Seventeen patients tested positive for Zika virus in their urine. Another 18 had no evidence of Zika virus in urine but showed the immunologic footprints of Zika infection through the presence of virus-specific antibodies in their blood or spinal fluid.
Most of the patients were adults. 38 were males, and 30 were females of an average of 47 years old. Almost all patients displayed two or more clinical symptoms of Zika infection, which include fever, headache, rash and conjunctivitis.
Unusually Fast Response
The researchers say that almost one-half of the study participants complained of neurologic symptoms within four days of the onset of Zika symptoms. This is an unusually fast response, they say, compared to what is found in people who develop Guillain-Barré symptoms after other viral infections, such as influenza and herpesviruses.

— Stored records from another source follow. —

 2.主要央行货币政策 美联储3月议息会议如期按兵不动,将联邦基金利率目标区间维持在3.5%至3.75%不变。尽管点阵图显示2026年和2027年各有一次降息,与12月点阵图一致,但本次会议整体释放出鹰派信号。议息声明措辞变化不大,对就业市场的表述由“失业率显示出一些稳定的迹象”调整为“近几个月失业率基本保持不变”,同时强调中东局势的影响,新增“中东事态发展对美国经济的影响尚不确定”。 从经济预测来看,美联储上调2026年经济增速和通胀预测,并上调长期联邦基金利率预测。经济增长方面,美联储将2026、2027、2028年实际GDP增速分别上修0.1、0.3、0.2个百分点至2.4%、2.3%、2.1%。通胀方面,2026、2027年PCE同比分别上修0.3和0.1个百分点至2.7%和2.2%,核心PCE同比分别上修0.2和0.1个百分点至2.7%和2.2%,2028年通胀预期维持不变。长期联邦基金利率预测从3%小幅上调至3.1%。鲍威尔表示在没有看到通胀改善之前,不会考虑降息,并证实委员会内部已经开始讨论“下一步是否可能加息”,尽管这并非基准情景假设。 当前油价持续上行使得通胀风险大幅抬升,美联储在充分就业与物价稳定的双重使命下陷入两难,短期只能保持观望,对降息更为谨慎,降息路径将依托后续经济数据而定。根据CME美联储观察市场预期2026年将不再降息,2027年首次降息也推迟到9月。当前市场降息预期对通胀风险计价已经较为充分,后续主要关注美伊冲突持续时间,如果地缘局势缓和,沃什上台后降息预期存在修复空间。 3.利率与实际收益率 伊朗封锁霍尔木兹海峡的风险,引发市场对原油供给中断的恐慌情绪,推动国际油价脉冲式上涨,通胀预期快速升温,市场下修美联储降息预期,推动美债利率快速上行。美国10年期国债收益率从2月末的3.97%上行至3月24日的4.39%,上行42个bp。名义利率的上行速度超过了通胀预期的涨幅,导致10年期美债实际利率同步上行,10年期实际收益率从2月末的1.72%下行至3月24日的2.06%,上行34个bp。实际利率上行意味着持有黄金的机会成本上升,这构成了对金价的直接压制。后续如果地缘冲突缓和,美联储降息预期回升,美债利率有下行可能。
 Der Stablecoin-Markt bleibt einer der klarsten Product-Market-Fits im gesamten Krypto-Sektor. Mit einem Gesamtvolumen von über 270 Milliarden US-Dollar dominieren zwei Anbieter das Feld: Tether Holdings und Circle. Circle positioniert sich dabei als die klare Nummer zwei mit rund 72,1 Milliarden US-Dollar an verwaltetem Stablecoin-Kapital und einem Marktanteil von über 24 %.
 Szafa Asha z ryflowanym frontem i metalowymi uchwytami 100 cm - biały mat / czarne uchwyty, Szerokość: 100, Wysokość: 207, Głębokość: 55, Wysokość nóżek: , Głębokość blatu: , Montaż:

Testing also showed that most of the 46 patients whose Guillain-Barré was confirmed by electrodiagnostic neurological tests had the acute inflammatory demyelinating polyneuropathy variant of the disorder. This type of Guillain-Barré attacks the myelin, a protective group of cells that insulates the surface of the nerve fibers, like the plastic coating on a copper wire.
Pardo says the study is believed to be the largest of its kind to document the role of Zika infection in increased rates of Guillain-Barré so far.
He cautions that although the study demonstrates a biological and viral association between Zika infection and Guillain-Barré, it does not reveal the biological mechanisms through which Zika might initiate an immune attack on the nerves.
The research team, he says, continues to collect clinical data and samples from the Colombian hospitals’ patients, but the work is constrained by the limited availability of resources, which is further strained by the severe and ongoing Zika outbreak in South America.
The Mexican cases, the World Health Organization said, put Mexico on a list with more than a dozen other countries that have reported cases of the Zika-linked syndrome.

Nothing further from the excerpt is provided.